Evaluate C/C++ expressions during debugging to inspect variables, call functions, and analyze program state within the LLDB debugger context.

Instructions

Evaluate a C/C++ expression in the debugger context.

Expressions can include:
- Variable access: 'my_var', 'ptr->member'
- Array indexing: 'array[5]'
- Function calls: 'strlen(str)'
- Casts: '(int*)ptr'
- Arithmetic: 'x + y * 2'
- sizeof: 'sizeof(MyStruct)'

Args:
    params: EvaluateExpressionInput with expression and context

Returns:
    str: Expression result with type information

Input Schema

TableJSON Schema
NameRequiredDescriptionDefault
paramsYes

Output Schema

TableJSON Schema
NameRequiredDescriptionDefault
resultYes

Implementation Reference

  • The handler function decorated with @mcp.tool(name="lldb_evaluate"), which evaluates C/C++ expressions using LLDB by creating a target, setting breakpoint, running, executing the expression command, and formatting the output.
    @mcp.tool(
        name="lldb_evaluate",
        annotations={
            "title": "Evaluate Expression",
            "readOnlyHint": True,
            "destructiveHint": False,
            "idempotentHint": True,
            "openWorldHint": False,
        },
    )
    async def lldb_evaluate(params: EvaluateExpressionInput) -> str:
        """Evaluate a C/C++ expression in the debugger context.
    
        Expressions can include:
        - Variable access: 'my_var', 'ptr->member'
        - Array indexing: 'array[5]'
        - Function calls: 'strlen(str)'
        - Casts: '(int*)ptr'
        - Arithmetic: 'x + y * 2'
        - sizeof: 'sizeof(MyStruct)'
    
        Args:
            params: EvaluateExpressionInput with expression and context
    
        Returns:
            str: Expression result with type information
        """
        commands = [
            f"target create {params.executable}",
            f"breakpoint set --name {params.breakpoint}",
            "run" + (" " + " ".join(params.args) if params.args else ""),
            f"expression {params.expression}",
            "quit",
        ]
    
        result = _run_lldb_script(commands)
    
        return f"## Expression: `{params.expression}`\n\n```\n{result['output'].strip()}\n```"
  • Pydantic BaseModel defining the input schema for the lldb_evaluate tool, including executable path, expression to evaluate, breakpoint, and optional args.
    class EvaluateExpressionInput(BaseModel):
        """Input for evaluating expressions."""
    
        model_config = ConfigDict(str_strip_whitespace=True)
    
        executable: str = Field(..., description="Path to the executable", min_length=1)
        expression: str = Field(
            ...,
            description="C/C++ expression to evaluate (e.g., 'sizeof(int)', 'ptr->member', 'array[5]')",
            min_length=1,
        )
        breakpoint: str = Field(
            ..., description="Breakpoint location for evaluation context", min_length=1
        )
        args: list[str] | None = Field(
            default=None, description="Command-line arguments to pass to the program"
        )
  • Helper function _run_lldb_script that executes a list of LLDB commands via a temporary script file, capturing output and handling errors.
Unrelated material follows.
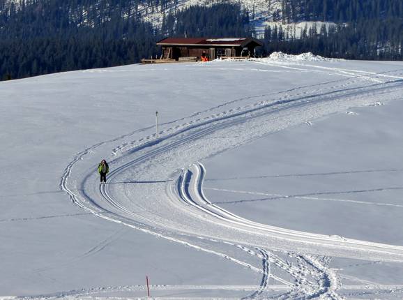 Die Loipe führt von der Bergstation der Almbahn II über die Loferer Alm.

Used by lldb_evaluate to run the LLDB session.
    def _run_lldb_script(
        commands: list[str],
        target: str | None = None,
        working_dir: str | None = None,
        timeout: int = 60,
    ) -> dict[str, Any]:
        """
        Execute multiple LLDB commands in sequence.
        """
        cmd = [LLDB_EXECUTABLE]
    
        if target:
            cmd.extend(["--file", target])
    
        cmd.append("--batch")
    
        for command in commands:
            cmd.extend(["-o", command])
    
        try:
            result = subprocess.run(
                cmd, capture_output=True, text=True, timeout=timeout, cwd=working_dir or os.getcwd()
            )
            return {
                "success": result.returncode == 0,
                "output": result.stdout,
                "error": result.stderr if result.returncode != 0 else None,
                "return_code": result.returncode,
            }
        except subprocess.TimeoutExpired:
            return {
                "success": False,
                "output": "",
                "error": f"Commands timed out after {timeout} seconds",
                "return_code": -1,
            }
        except Exception as e:
            return {"success": False, "output": "", "error": str(e), "return_code": -1}
    
    
    # =============================================================================
    # Initialize MCP Server
    # =============================================================================
    
    mcp = FastMCP(SERVER_NAME)
    
    
    # =============================================================================
    # Input Models
    # =============================================================================
    
    
    class ResponseFormat(str, Enum):
        """Output format for tool responses."""
Behavior4/5

Does the description disclose side effects, auth requirements, rate limits, or destructive behavior?

Annotations provide readOnlyHint=true, destructiveHint=false, idempotentHint=true, and openWorldHint=false, covering safety and idempotency. The description adds valuable context by specifying the debugger context and listing expression capabilities (variable access, function calls, arithmetic, etc.), which helps the agent understand the tool's behavior beyond the annotations. No contradiction with annotations exists.

Agents need to know what a tool does to the world before calling it. Descriptions should go beyond structured annotations to explain consequences.

Conciseness5/5

Is the description appropriately sized, front-loaded, and free of redundancy?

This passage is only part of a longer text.